Just be aware that it could burn for days. If it's in your front yard the neighbors might get funny. Just put some of these and some marshmallows out there and people will get the idea.


----------



## tawilson

Oh yeah, I forgot to mention, winter with snow cover or spring when the ground is wet is probably a good time to try this. My experiment will be in the boonies with either condition.


----------



## triptester

I have done 4 stumps by just digging down about 3 inches below the grass to allow clearance for the saw ,peeled the bark down and cut an inch below grade. Peeling the bark got rid of almost all the dirt.


----------



## tzelmet

*axe it*

Drink a couple cans of red bull and go at it with a hardy axe or mattock. Or rent a grinder.


----------



## MURPHYTREE

*Flushing Stumps.*

Just wanted to throw my two cents in and tell you to hire a proffesional. You pay for what you get in this industry. Every one in this world is always trying to save a buck. In this case I would spend a couple and get the stump removed and never have to deal with them again,And you might want to plant your new stock close to where the old ones were. I recommend Calling around and getting a couple of quotes. And a little tip, someone throwing you an estimated value to remove the stumps online is probally not accurate nor is it professional . The person grinding would have to come out and actually see the size of the stumps,how many, as well as where they are located. PROPERLY Insured companies are always a must. As always just my opinion.


----------



## jmcguiretree

Don't be cheap pay someone to grind them or rent a small grinder with maybe a neighbor to split the cost.Every time you mow over them you will wish you had ground them!!!


----------



## M.D. Vaden

Sometimes, when I was not removing stumps by grinding, I'd take an ax and shave the bark off to clean wood, by taking downward strokes, with sideways strokes to sever-off the part that peels loose.


----------



## 046

dig a trench all the way around stump. then carefully clean dirt off bark. 

use a bar that is barely long enough, so as to not stick into dirt on other side. 

this will allow you to cut flush or slightly below ground. prepare to rock your chain. so have a spare or two.


----------



## sperho

I cut a 20" hard maple stump in my front yard about an inch and a half proud of the soil surface. My chain was fine afterward. I'm going to turn the remainder into swiss cheese with an 1" or so auger bit attached to a drill and then mulch it; maybe throw a layer of plastic in there somewhere to keep the moisture/bug level high. Mow around it for a few years and let rot take it's course. Then, I'll take a maddock and take it below surface. A few hours total work spread out over a few years. For this particular stump, I've got better things to do than throw them at someone who owns a stump grinder.
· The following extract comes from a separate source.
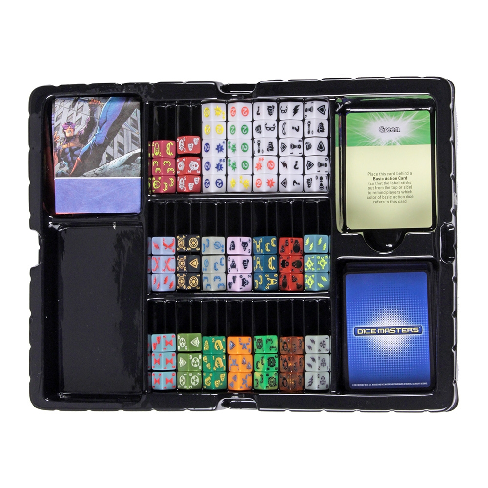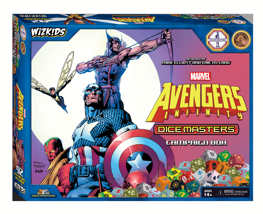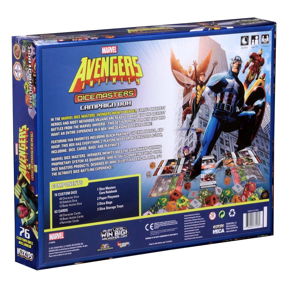Marvel Dice Masters: Avengers Infinity Campaign Box é jogo base com conteúdo fixo (em vez de dados e cartas inseridos aleatoriamente) e tem tudo que dois jogadores precisam para começar a jogar, como dados de sidekick, dados básicos de ação, sacolas de dados e regras. Esta caixa de campanha tem 48 cartas de personagem diferentes, com mais de uma dúzia de personagens que podem ser usados para construir centenas de equipes diferentes.
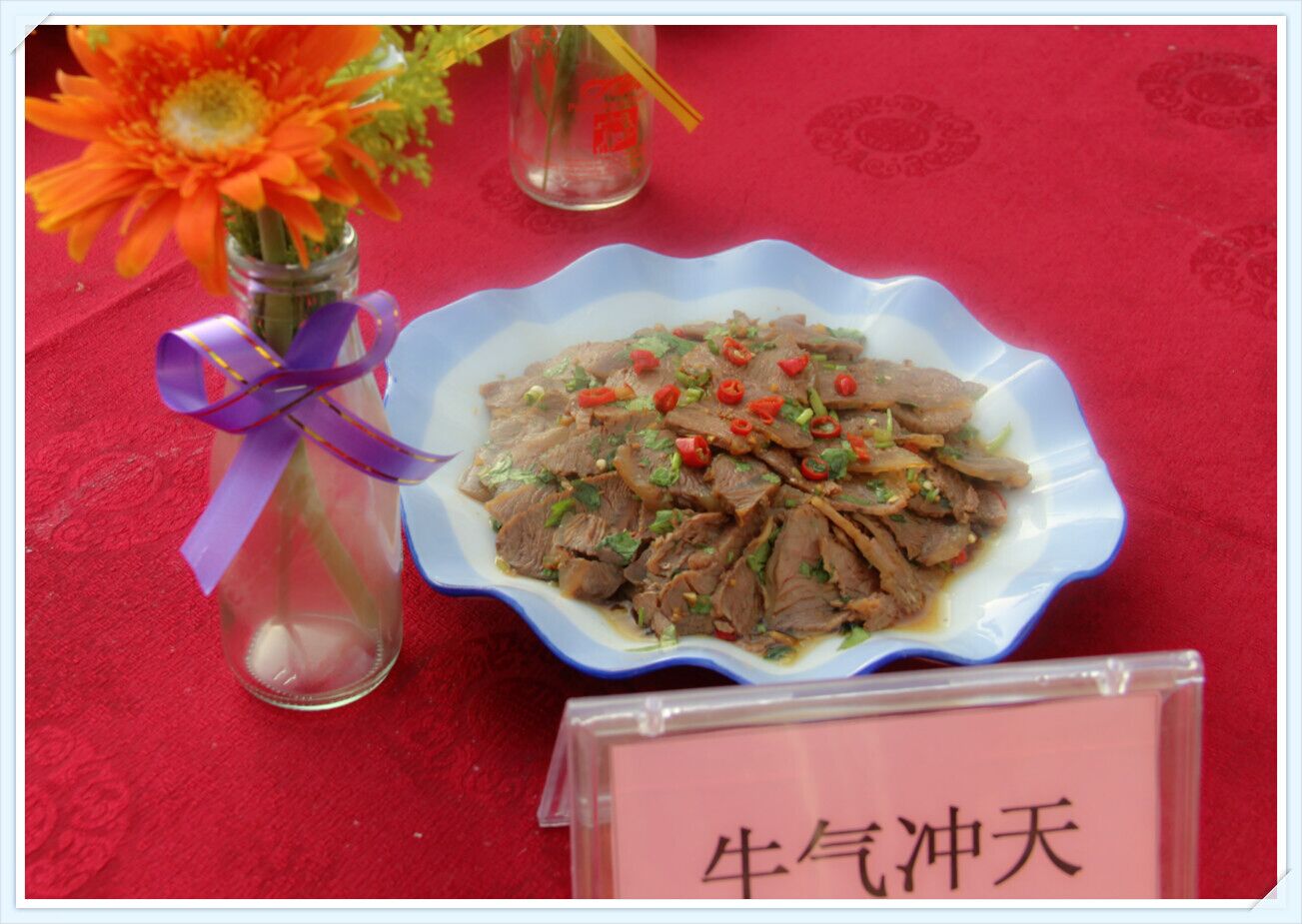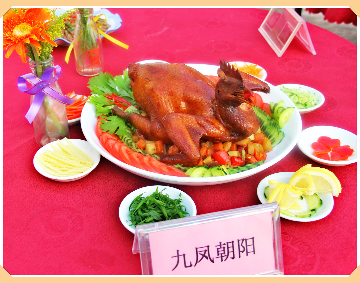 作品“九凤朝阳”,鸡在150摄氏度的烤箱中,高温烤制,皮脆肉嫩,香味十足,再分别以姜丝、葱丝、西红柿、柠檬等8道配菜围绕搭配,凸显了对美信未来的祝愿与期望,期望美信的业绩在行业中鹤立鸡群,更创新高;作品“牛气冲天”,薄薄的牛肉片,肉酥熟,原味醇香,配上青瓜丝垫底,再加上一点点红辣椒点缀,色香味俱全,令人食欲大增,也同时表达了对美信未来的业绩的期望,牛气冲天,大展宏图!

Everyone's needs, desires, and timeframe are different, so...


----------



## bigmac

give your nighbors them stumps in the middle of the night
on the 4 of july, drill a nice big hole to the bottom of 
the stump pack it full of TnT and a long fuse make sure your hole is on one side so to launch them towards the nighobrs
yards, make sure you get some one to film it so we can see it 

:biggrinbounce2: :biggrinbounce2: :biggrinbounce2: 



GRIND IT


----------



## M.D. Vaden

Be prepared for dirt or rock in the center if you cut below the soil line.

It's not uncommon for trees to pinch some rock or dirt inside from when the tree was smaller and developing.


----------



## turnkey4099

I have been thee and done that too many times to count and hate doing it every time. I am still wondering why I volunteered to do the job for a friend the other day. Saturday took out a cherry about 12" dbh. He wanted the stump cut under ground. We dug down about 2ft and I washed all the dirt I could off of it turning the hole into a mud puddle. Then used my husky 51 to cut laterarl roots and chop a couple big burls off of it. Told the guy I would be back when the hole dries out some so I can get into it. Of course the few minutes cutting I did with the 51 saw rocked the chain. Did a resharp on it yesterday and will be back there on Wed. Expect to rock out two more chains. NEVER AGAIN!!!

Harry K


----------



## emr

MURPHYTREE said:


> Just wanted to throw my two cents in and tell you to hire a proffesional. You pay for what you get in this industry. Every one in this world is always trying to save a buck. In this case I would spend a couple and get the stump removed and never have to deal with them again,And you might want to plant your new stock close to where the old ones were. I recommend Calling around and getting a couple of quotes. And a little tip, someone throwing you an estimated value to remove the stumps online is probally not accurate nor is it professional . The person grinding would have to come out and actually see the size of the stumps,how many, as well as where they are located. PROPERLY Insured companies are always a must. As always just my opinion.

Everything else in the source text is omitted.